This article is based on interviews from the Capital Daily podcast. You can listen and subscribe here or on your podcasting app of choice.

Langford is having a soccer moment. Not only is the sport enjoying an all-time high in Canada-wide interest with the successes of the women’s and men’s national teams, but the Island’s only professional sports club, Pacific FC, just brought home a national championship in the Canadian Premier League.

At the same time, a player-led labour movement that began on Vancouver Island is nearing official recognition from the league—a landmark change, after nearly two years of seeking voluntary acknowledgement.

“There’s a time and place for everything. The time and place is here and now,” said David Clanachan, commissioner of the Canadian Premier League, when discussing the Professional Footballers Association Canada—a first-of-its-kind players’ union that seeks to represent athletes of all genders across the country.

The story of how the players union arrived at this moment is another matter. It involves a ruptured Achilles tendon, two quarantine bubbles, a record-breaking heat dome, and a bin full of white t-shirts—but first, it starts on a practice pitch in Saanich.

The Achilles

Marcel de Jong does not fall easily. Thirty-five years old, a former defender with the Canadian men’s national team, the Victoria resident is used to battling with the world’s best soccer players: Luis Suárez, Robert Lewandowski, Thomas Müller. So, he didn’t think much of leaping for a header during a pre-season scrimmage at the Pacific Institute for Sport Excellence—or, for that matter, of taking a spill to the ground. Only this time, at the dawn of March in 2019, something happened when he tried to get back up.

“I just tried to feel my Achilles, and the Achilles was gone. It rolled all the way up into my calf,” the 17-year veteran recalls.

There is, of course, no good time to rupture one’s Achilles, but de Jong’s timing was especially unfortunate. Less than a month earlier, the Newmarket, Ontario native had been announced as the star signing for Langford-based Pacific FC in the upstart Canadian Premier League. The season opener was a month away. Pundits were touting his arrival as the biggest splash in the league’s short history.
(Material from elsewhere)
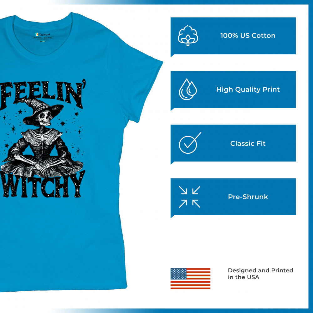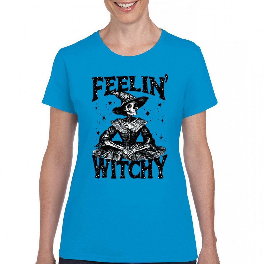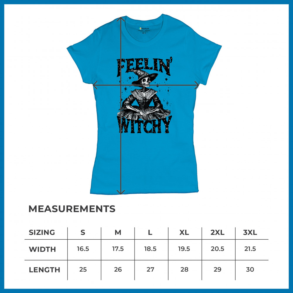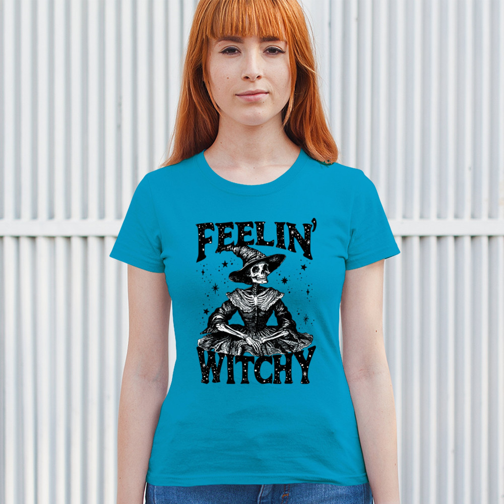 Add a touch of enchantment to your wardrobe with this "Feelin' Witchy" design. Perfect for Halloween, themed parties, or everyday wear, this piece captures gothic aesthetics with playful charm. Featuring a skeleton dressed as a witch, it celebrates the lighter side of spooky fashion. Ideal for those who enjoy blending whimsy with the supernatural, it's a must-have for the season.
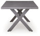 High style crafted for low-maintenance living. Turn your outdoor space into a sweet retreat with this dining table. The casually cool piece entices with an easy-breezy gray finish over an all-weather aluminum frame, for an upscale aesthetic that’s downright durable. Gather round for mealtime, cocktails or game night in the great outdoors.

And then—snap—gone.

A seed of doubt crept into de Jong’s mind.

“What's gonna happen? Is there anything [for me to be] taken care of? Do I have to worry?” he recalls. 

Then 32 years old, a footballing veteran of Germany’s Bundesliga and the Netherlands’ Eredivisie, de Jong had been used to active players’ associations during his years in Europe’s top-flight leagues—the kinds of organizations that could advocate on behalf of players when it came to contract issues, pensions, health care, and concerns beyond the sport. Only in Canada, there was nothing. It was a brand-new league. Everything was happening from zero.
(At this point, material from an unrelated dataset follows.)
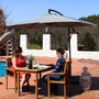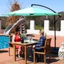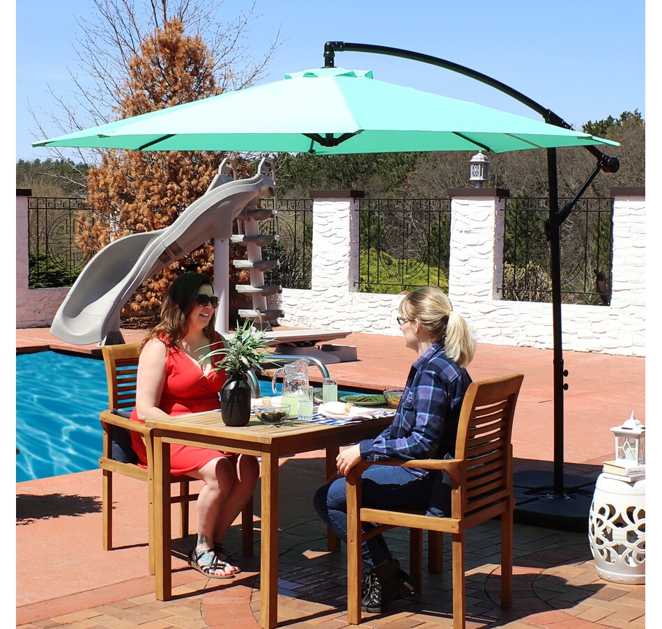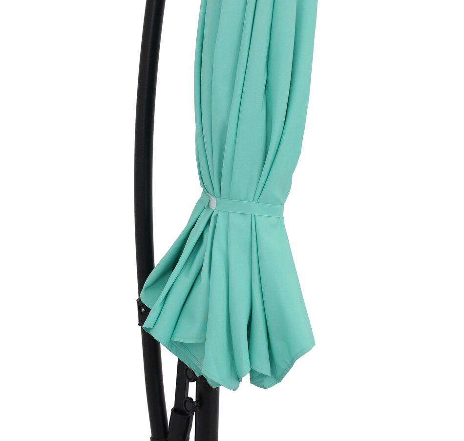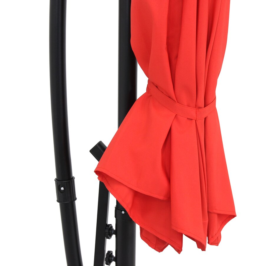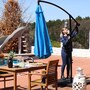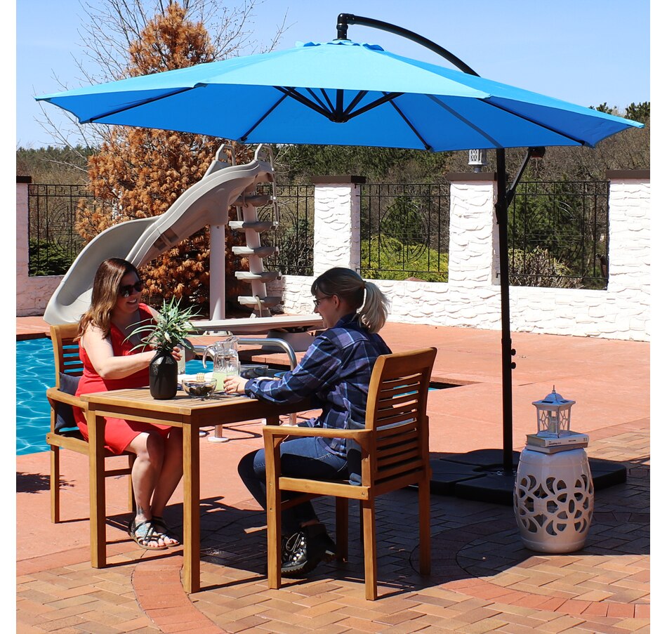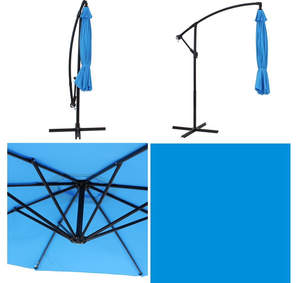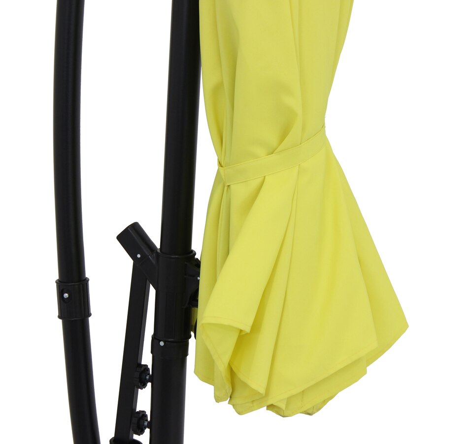 Provide style and shade for outdoor living spaces with this offset cantilever patio umbrella featuring a crank for easy accessibility. Constructed of water-resistant polyester, the umbrella canopy is designed for durability and lasting use. The umbrella features a steel base and pole that provide a sturdy frame for resistance to wind. This outdoor patio accessory is easy to set up and adjust with the cantilever and crank. This umbrella is a great addition to any patio, deck, backyard, or any other outdoor living space to keep cool on hot days. A heavy base is required to properly support the cross base to keep this umbrella securely in place (base not included).

De Jong talked things over with teammate Issey Nakajima-Farran, a fellow veteran of the global soccer circuit. The two oldest players on Pacific FC—a team full of twenty-somethings—they were close; they had roomed together and spent time on the Canadian national team. When Nakajima-Farran signed with the Langford-based club, he moved into a houseboat. He stayed with de Jong while it underwent repairs.

“From there on, we just decided, ‘Let’s start this project together,’” he says.

The debut

The first year of the Canadian Premier League was an on-field success. Seventeen-thousand fans showed up to watch the first-ever match in league history between Hamilton’s Forge FC and Toronto’s York9 FC on April 27, 2019. The Halifax-based HFX Wanderers FC averaged a near-sellout attendance of 6,061 all season long. The league had also secured a 10-year broadcast deal with MEDIAPRO, one of the world’s largest rights-holders in professional soccer, worth an estimated $200 million.

The numbers were large for Canadian soccer, but far from lucrative. (In 2013, Rogers paid $5.232 billion in a 12-year deal for the National Hockey League’s broadcast rights in Canada.) From the outside, it was hard to gauge the Canadian Premier League’s overall financial health. The league didn’t reveal teams’ operating budgets or average player salaries.

“I don’t know if I ever will,” commissioner David Clanachan told the Canadian Press in 2019.

“To some degree, you’ll never be right. It's going to be too much or too little… We need to focus on what is happening on the pitch,” he told TVO in July 2019.

Canadian Premier League commissioner David Clanachan speaks to assembled media ahead of the 2021 CPL Final. Photo: Canadian Premier League/Carolina Ruada

The on-field product impressed. By the season’s end, league MVP Tristan Borges had played well enough to attract the interest of Belgium’s OH Leuven. Cavalry FC’s Joel Waterman, a sturdy defender, caught the eye of the Montreal Impact.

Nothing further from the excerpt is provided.